L’entrevue de saint Cloud est un court roman où la plume d’Harold Cobert fait merveille, j’apprécie cet auteur car à chaque livre il se renouvelle tout en gardant une plume profondément sensible et humaniste.
L’intrigue est historique sur une rencontre entre Marie Antoinette et Mirabeau en 1790 à Saint Cloud à l’époque ténébreuse de la Révolution. On alterne les récits des 2 protagonistes et le récit des différents épisodes de la Révolution de la prise de la bastille à la fin de la monarchie. Cette entrevue a bien eu lieu mais les historiens ne savent pas ce qui s’est déroulée. L’auteur imagine donc cette conversation intense qui dévoile le caractère et le comportement de ces 2 figures de l’histoire.
Mirabeau célèbre orateur, connu pour sa laideur et son goût pour les femmes essaye de convaincre la reine de lui faire confiance pour sauver la monarchie. Il souhaite une monarchie constitutionnelle et ne pas laisser l’initiative au peuple et à son nouvel ennemi Robespierre ou à ses adversaires du Triumvirat. On suit les méandres de sa pensée, sa facilité pour écrire, son éloquence, son parcours personnel blessé. On a une psychologie fine du personnage qui m’a beaucoup plu, notamment sur sa vie que je ne connaissais pas du tout. Ses excès et ses éclairs de génie, de visionnaire sur l’avenir de la monarchie en font donc un bon personnage de fiction. Les dialogues sur la liberté, le pouvoir du peuple sont vraiment savoureux et nous rappellent les origines parfois oubliées de notre démocratie.
La reine est seule, abandonnée aux prise avec la vindicte populaire, ses amis et sa famille sont loin, elle ne supporte plus ce peuple parisien, sa violence et veut comprendre les intentions réelles de Mirabeau. Elle se rappelle au cours de l’entretien les humiliations, les douleurs qu’elle a subies durant son règne à la cour. Elle parait beaucoup plus fragile et finalement très humaine.
Ce dialogue et cet affrontement verbal entre les 2 personnages historiques est très intéressant, on retrouve le style et la fureur de l’époque. Le récit des épisodes importants de la révolution, de la violence, des bouleversements rapides de l’époque, des débats et du rôle de l’Assemblée sont bien retranscrits. J’ai aimé cette alternance entre petite (la vie personnelle des personnages) et grande histoire (les faits historiques). De connaître les pensées, la psychologie des personnages qui les rendent tous les 2 profondément attachants avec leurs failles. Ce rendez vous manqué avec l’histoire qui est si subtilement mis en scène même si on en connait déjà l’issue, c’est la réussite de l’auteur d’introduire ce suspense et cette empathie.

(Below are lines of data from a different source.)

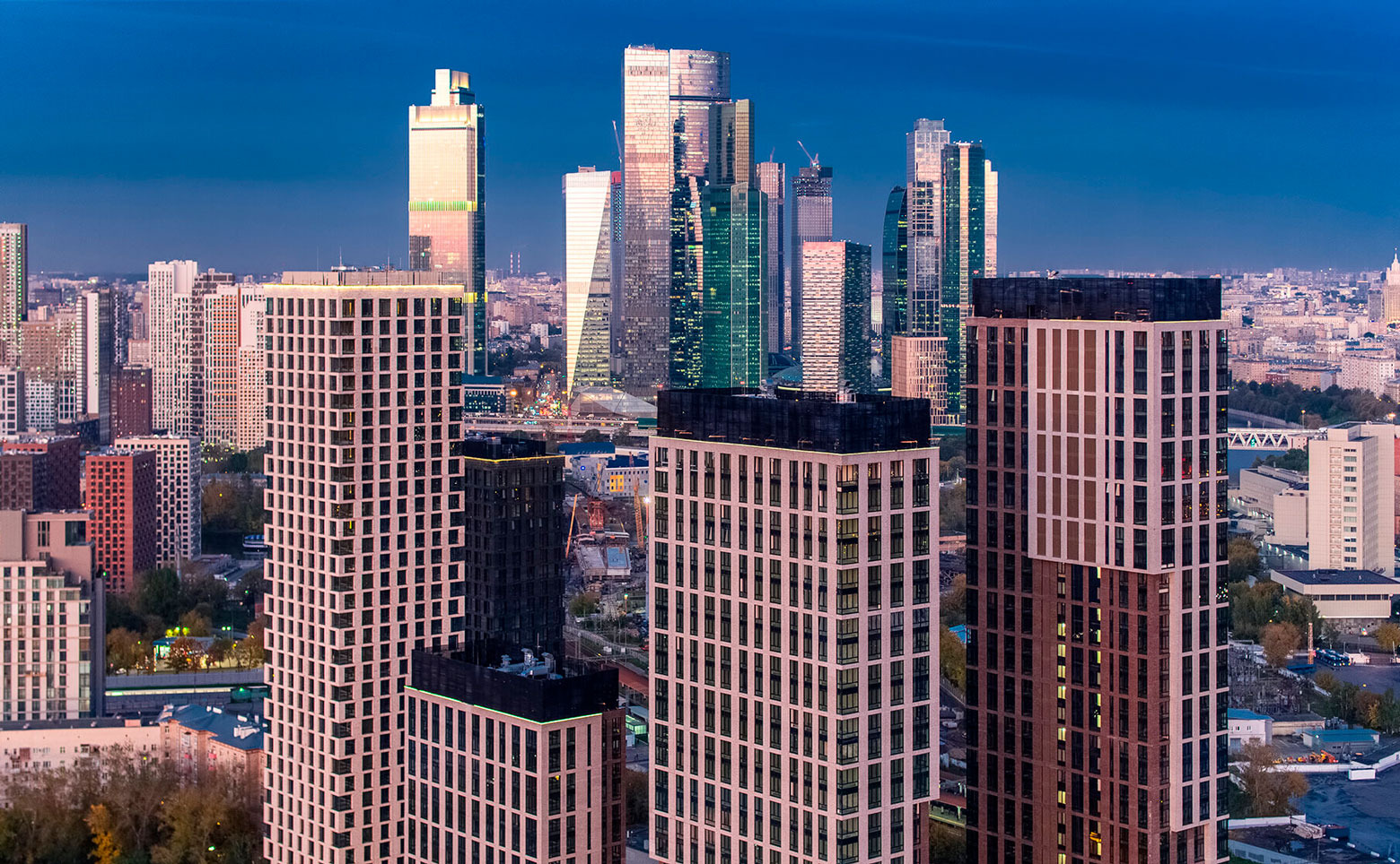 В корпусах представлена возможность выбрать квартиры с подчистовой отделкой или без отделки. Квартиры выполнены с панорамным остеклением, из окон открываются виды на центр столицы, высотки «Москва-Сити» и Парк Победы. В них так же спроектированы потолки высотой 3.1 метра.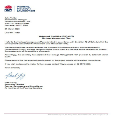 2021年4月21日,新南威尔士州政府和PA官方平台能源有限公司(神华)已达成协议,神华已撤回其采矿租赁申请并放弃其对神华沃特马克(WATERMARK)项目的开发许可。另外,为了提高土地使用率,沃特马克公司向新州地方土地服务中心(Local Land Services)转让现有非农牧业用途的生态用地 6,000 余公顷。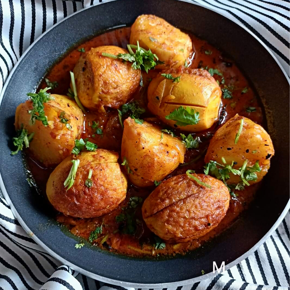 Delicious Egg Curry cooked with potatoes and freshly grounded spices.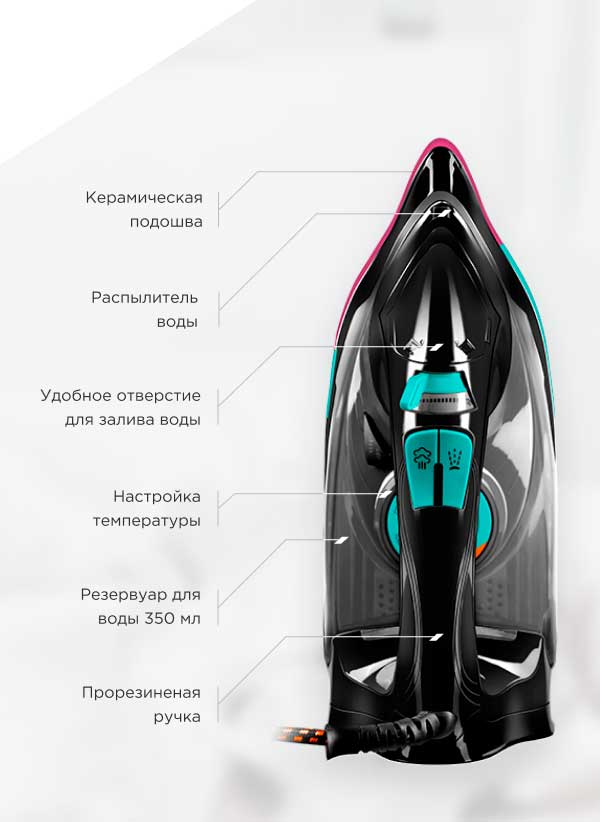 Подошва утюга с керамическим покрытием скользит легко и гладко, благодаря чему вы без особых усилий разгладите даже самую мятую, грубую и капризную ткань.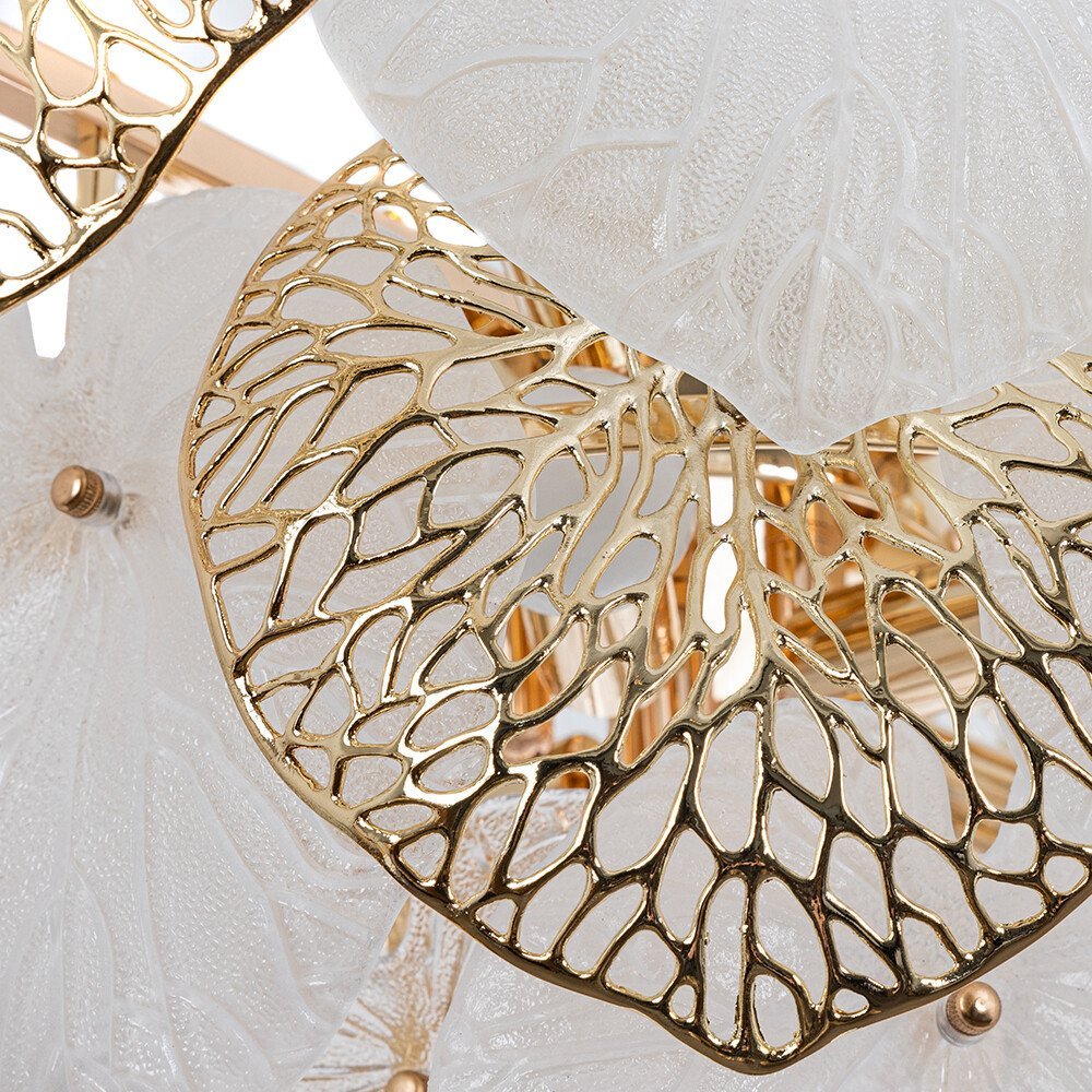 Подвесная люстра Arte Lamp Kapri A4078LM-12GO — эффектная модель в современном стиле, созданная как центральный акцент интерьера. Дизайн вдохновлён природными формами: плафоны выполнены в виде многослойных лепестков, сочетающих прозрачное и золотистое стекло с декоративными металлическими элементами. В результате люстра выглядит воздушной и при этом выразительной, особенно в включённом состоянии, когда свет красиво преломляется через фактурные поверхности. Модель рассчитана на 12 ламп с цоколем E14 мощностью до 40 Вт каждая (лампы в комплект не входят). Поддерживается использование ламп накаливания или светодиодных источников, предусмотрена возможность диммирования. Общая максимальная мощность составляет 480 Вт, что позволяет эффективно освещать просторные помещения. Габариты люстры: диаметр 600 мм, высота 450 мм. Крепление осуществляется на монтажной пластине, степень защиты — IP20. Арматура выполнена из металла с глянцевым золотым покрытием, плафоны — из стекла и металла с глянцевой прозрачной поверхностью. Люстра предназначена для потолочного размещения и идеально подойдёт для гостиной, кабинета или спальни, где требуется не только качественное освещение, но и яркий декоративный элемент. Производство — Италия.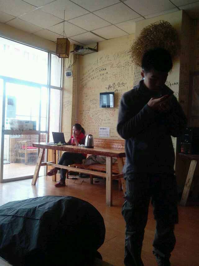 这是客厅,很开放,有书,有电脑,墙上都是留言,这张照片我拍完后才发现鸟窝正好在这个男生头上。还以为他是爆炸头呢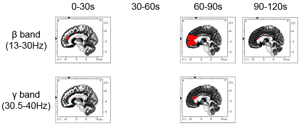 ◆サンダルウッド精油の吸入直後、帯状回を含む前頭前部領域の活性化は、ベータ帯域、ガンマ帯域において観察され、それぞれ120秒後、90秒後まで持続しました(図3)。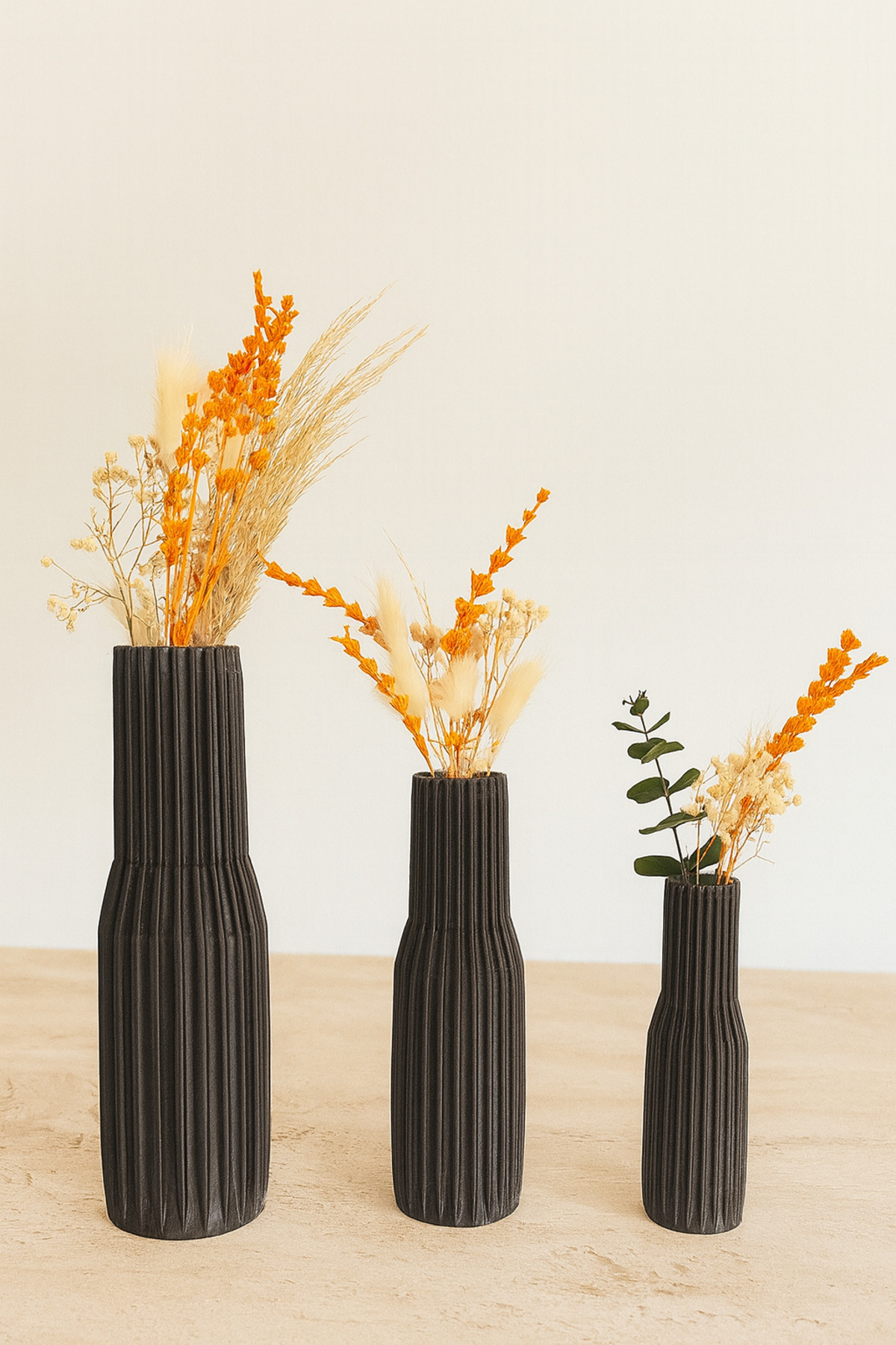 Üçlü Paris Vazo Set (Kuru Bitki Hediyeli)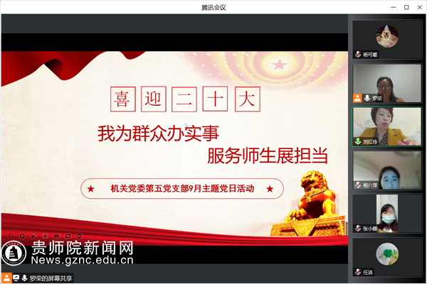 本网讯 为进一步巩固拓展党史学习教育成果,推动党史学习教育常态化长效化,结合当前疫情防控严峻形势,进一步发挥好党支部战斗堡垒作用和党员先锋模范作用,9月25日晚,机关党委第五党支部在腾讯线上会议召开了“喜迎党的二十大 我为群众办实事 服务师生展担当”主题党日活动,机关党委第五党支部全体党员参会,活动由党支部书记刘红玲主持。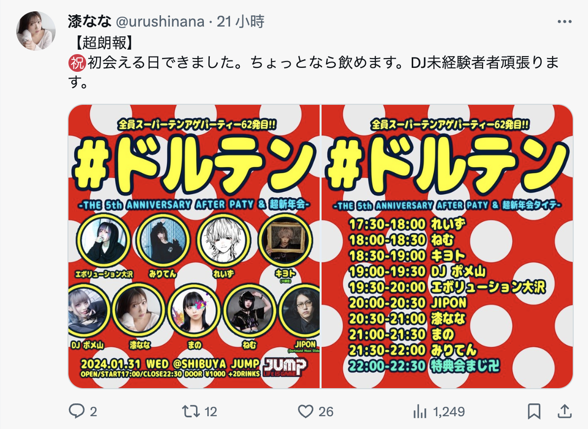 然后她已经有新工作了,2024年1月31日她即将以DJ的工作登台和大家见面,所以可以做结论了,「木村好乃美」已经没了,这位女优将会以「漆なな(漆奈奈)」的新名字继续在AV界打拼,以业界的规则就是要等木村好乃美的作品发完她才会以新的艺名发片⋯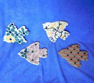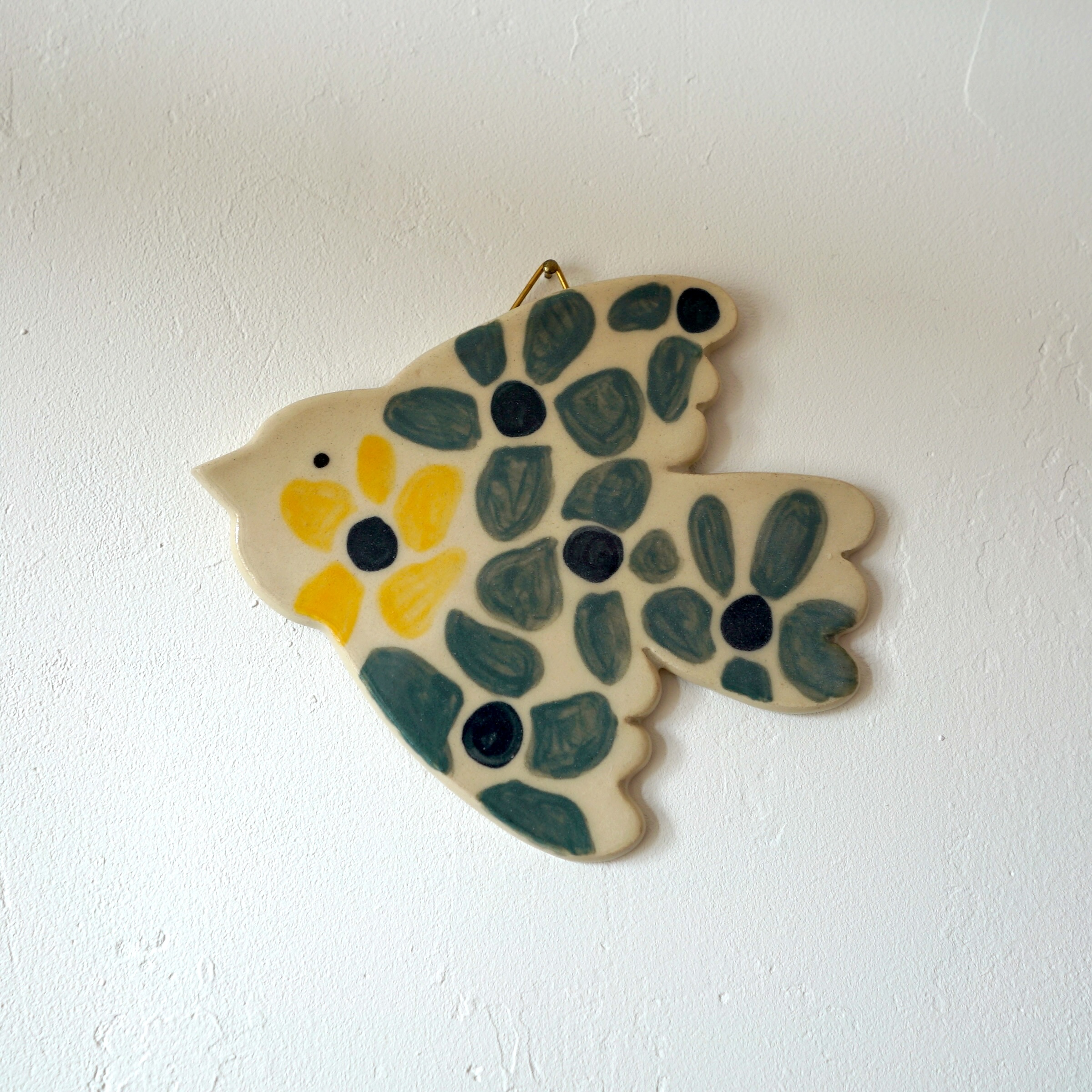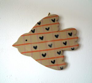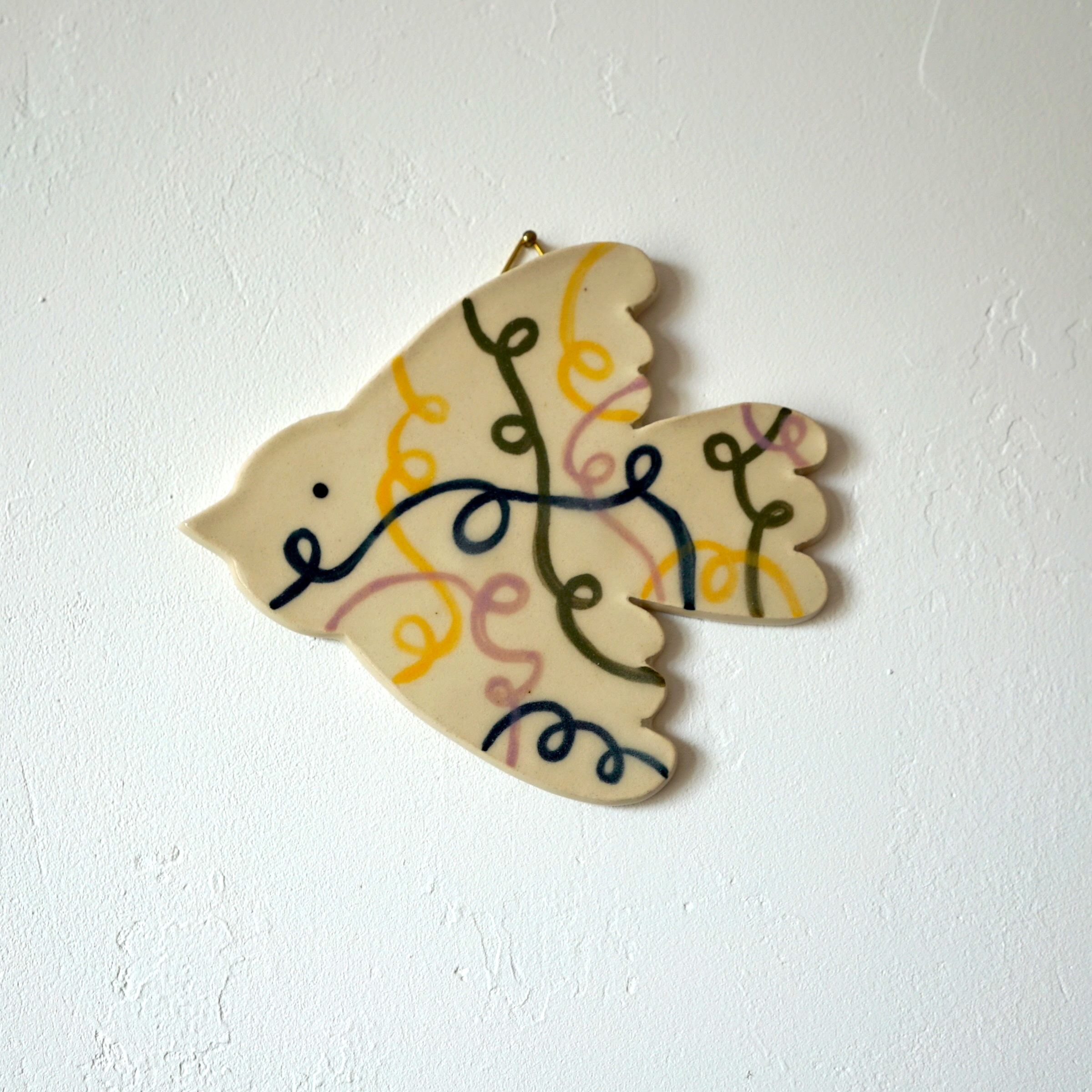 Décoration à suspendre en grès blanc ou grès de Saint-Amand (beige) peint puis émaillé.

J’ai apprécié la précision des détails, l’importance des sentiments et des motivations psychologiques des personnages, retrouvez ce 18e siècle incertain, les hésitations entre monarchie constitutionnelle et république. On a l’impression d’être au plus près de l’histoire, dans cette tragédie moderne avec cette impression de fin de règne. Le roman découpé en 3 grands moments se déroule comme une pièce de théâtre en 3 actes dont l’intensité et le tragique montent crescendo.
J’ai aimé découvrir la vie de Mirabeau, son parcours personnel qui le rend si humain loin de l’image d’Epinal que l’on en a. De même Marie Antoinette est loin de la reine frivole et sans cervelle ce qui est intéressant. A travers Mirabeau on suit les évolutions du siècle, les travers et les abus de l’absolutisme et mon côté historienne a aimé cette plongée dans l’histoire.
Une fois de plus conquise par le charme du récit conté par l’auteur, une belle mise en lumière de cette période révolutionnaire troublée à travers le destin de ces personnages hors normes. Alors n’hésitez pas à découvrir le tribun Mirabeau et sa lutte pour sauver la monarchie, vous passerez un agréable moment et vous ne verrez plus l’histoire comme une série de date mais les acteurs profondément humain d’un rendez vous manqué.